Exploring In-Context Learning Capabilities of Foundation Models for Generating Knowledge Graphs from Text

Knowledge graphs can represent information about the real-world using entities and their relations in a structured and semantically rich manner and they enable a variety of downstream applications such as question-answering, recommendation systems, semantic search, and advanced analytics. However, at the moment, building a knowledge graph involves a lot of manual effort and thus hinders their application in some situations and the automation of this process might benefit especially for small organizations. Automatically generating structured knowledge graphs from a large volume of natural language is still a challenging task and the research on sub-tasks such as named entity extraction, relation extraction, entity and relation linking, and knowledge graph construction aims to improve the state of the art of automatic construction and completion of knowledge graphs from text. The recent advancement of foundation models with billions of parameters trained in a self-supervised manner with large volumes of training data that can be adapted to a variety of downstream tasks has helped to demonstrate high performance on a large range of Natural Language Processing (NLP) tasks. In this context, one emerging paradigm is in-context learning where a language model is used as it is with a prompt that provides instructions and some examples to perform a task without changing the parameters of the model using traditional approaches such as fine-tuning. This way, no computing resources are needed for re-training/fine-tuning the models and the engineering effort is minimal. Thus, it would be beneficial to utilize such capabilities for generating knowledge graphs from text.

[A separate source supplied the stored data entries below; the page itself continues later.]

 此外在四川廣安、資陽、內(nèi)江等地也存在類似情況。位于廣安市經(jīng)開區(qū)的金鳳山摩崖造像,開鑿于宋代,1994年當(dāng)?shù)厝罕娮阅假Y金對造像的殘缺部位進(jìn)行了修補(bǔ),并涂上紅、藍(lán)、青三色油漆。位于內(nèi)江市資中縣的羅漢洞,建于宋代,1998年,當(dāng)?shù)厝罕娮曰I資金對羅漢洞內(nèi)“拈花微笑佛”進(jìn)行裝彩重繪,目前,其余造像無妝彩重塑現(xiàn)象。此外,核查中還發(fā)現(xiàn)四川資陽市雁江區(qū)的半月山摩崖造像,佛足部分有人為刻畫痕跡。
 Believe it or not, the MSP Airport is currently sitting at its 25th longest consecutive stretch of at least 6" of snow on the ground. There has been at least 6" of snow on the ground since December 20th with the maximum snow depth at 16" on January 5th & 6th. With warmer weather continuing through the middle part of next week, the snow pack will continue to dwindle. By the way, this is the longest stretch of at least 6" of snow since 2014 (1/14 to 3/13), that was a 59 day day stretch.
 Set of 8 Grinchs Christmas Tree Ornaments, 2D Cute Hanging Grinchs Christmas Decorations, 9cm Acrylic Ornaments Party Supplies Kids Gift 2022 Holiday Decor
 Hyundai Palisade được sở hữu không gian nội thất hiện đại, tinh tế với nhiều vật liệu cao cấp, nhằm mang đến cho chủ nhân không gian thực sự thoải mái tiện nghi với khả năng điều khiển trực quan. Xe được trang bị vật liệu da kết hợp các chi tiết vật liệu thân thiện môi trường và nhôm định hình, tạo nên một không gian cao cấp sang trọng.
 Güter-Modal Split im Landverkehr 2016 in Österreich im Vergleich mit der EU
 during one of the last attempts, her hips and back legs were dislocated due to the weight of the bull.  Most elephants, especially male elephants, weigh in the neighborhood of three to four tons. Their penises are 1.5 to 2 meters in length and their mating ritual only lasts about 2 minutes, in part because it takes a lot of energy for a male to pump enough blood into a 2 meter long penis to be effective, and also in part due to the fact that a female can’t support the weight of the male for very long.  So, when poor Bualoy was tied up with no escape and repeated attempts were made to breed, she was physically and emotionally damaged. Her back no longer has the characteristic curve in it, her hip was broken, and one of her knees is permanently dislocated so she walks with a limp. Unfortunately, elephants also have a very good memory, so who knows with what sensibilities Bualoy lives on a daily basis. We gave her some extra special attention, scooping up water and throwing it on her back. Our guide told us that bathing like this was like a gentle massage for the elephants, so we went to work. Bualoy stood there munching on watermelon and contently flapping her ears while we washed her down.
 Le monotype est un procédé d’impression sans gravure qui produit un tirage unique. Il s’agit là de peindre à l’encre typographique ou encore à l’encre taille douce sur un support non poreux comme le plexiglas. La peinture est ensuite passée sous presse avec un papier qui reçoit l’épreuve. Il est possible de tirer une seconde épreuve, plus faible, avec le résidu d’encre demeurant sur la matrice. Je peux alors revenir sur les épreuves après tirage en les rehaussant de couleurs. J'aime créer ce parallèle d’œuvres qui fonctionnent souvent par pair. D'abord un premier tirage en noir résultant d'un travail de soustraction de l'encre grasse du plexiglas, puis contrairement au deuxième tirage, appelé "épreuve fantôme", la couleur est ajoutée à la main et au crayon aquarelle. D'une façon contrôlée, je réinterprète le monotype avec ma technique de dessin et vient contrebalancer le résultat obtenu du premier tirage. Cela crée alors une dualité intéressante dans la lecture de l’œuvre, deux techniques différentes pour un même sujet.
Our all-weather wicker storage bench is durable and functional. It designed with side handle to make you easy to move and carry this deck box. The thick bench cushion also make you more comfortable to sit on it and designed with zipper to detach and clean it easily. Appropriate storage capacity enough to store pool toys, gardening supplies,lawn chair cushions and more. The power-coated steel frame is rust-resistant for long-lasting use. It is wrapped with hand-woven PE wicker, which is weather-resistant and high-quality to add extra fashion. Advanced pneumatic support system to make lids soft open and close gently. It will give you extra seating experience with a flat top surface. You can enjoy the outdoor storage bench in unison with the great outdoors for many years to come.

翻译：知识图谱能够利用实体及其关系，以结构化和语义丰富的方式表示现实世界信息，并支持问答系统、推荐系统、语义搜索及高级分析等多种下游应用。然而，当前构建知识图谱仍需大量人工投入，这限制了其在某些场景中的应用，而自动化此过程尤其有利于小型组织。从大规模自然语言中自动生成结构化知识图谱仍是一项具有挑战性的任务，针对命名实体抽取、关系抽取、实体与关系链接以及知识图谱构建等子任务的研究，旨在提升从文本中自动构建和补全知识图谱的技术水平。近期，通过自监督方式利用海量训练数据训练而成的、具有数十亿参数且可适配多种下游任务的基础模型取得了进展，已在大量自然语言处理任务中展现出高性能。在此背景下，一种新兴范式——上下文学习应运而生：它无需通过微调等传统方法改变模型参数，只需向语言模型提供包含指令和示例的提示即可执行任务。这种方式无需计算资源重新训练或微调模型，工程工作量极小。因此，利用此类能力从文本生成知识图谱将大有裨益。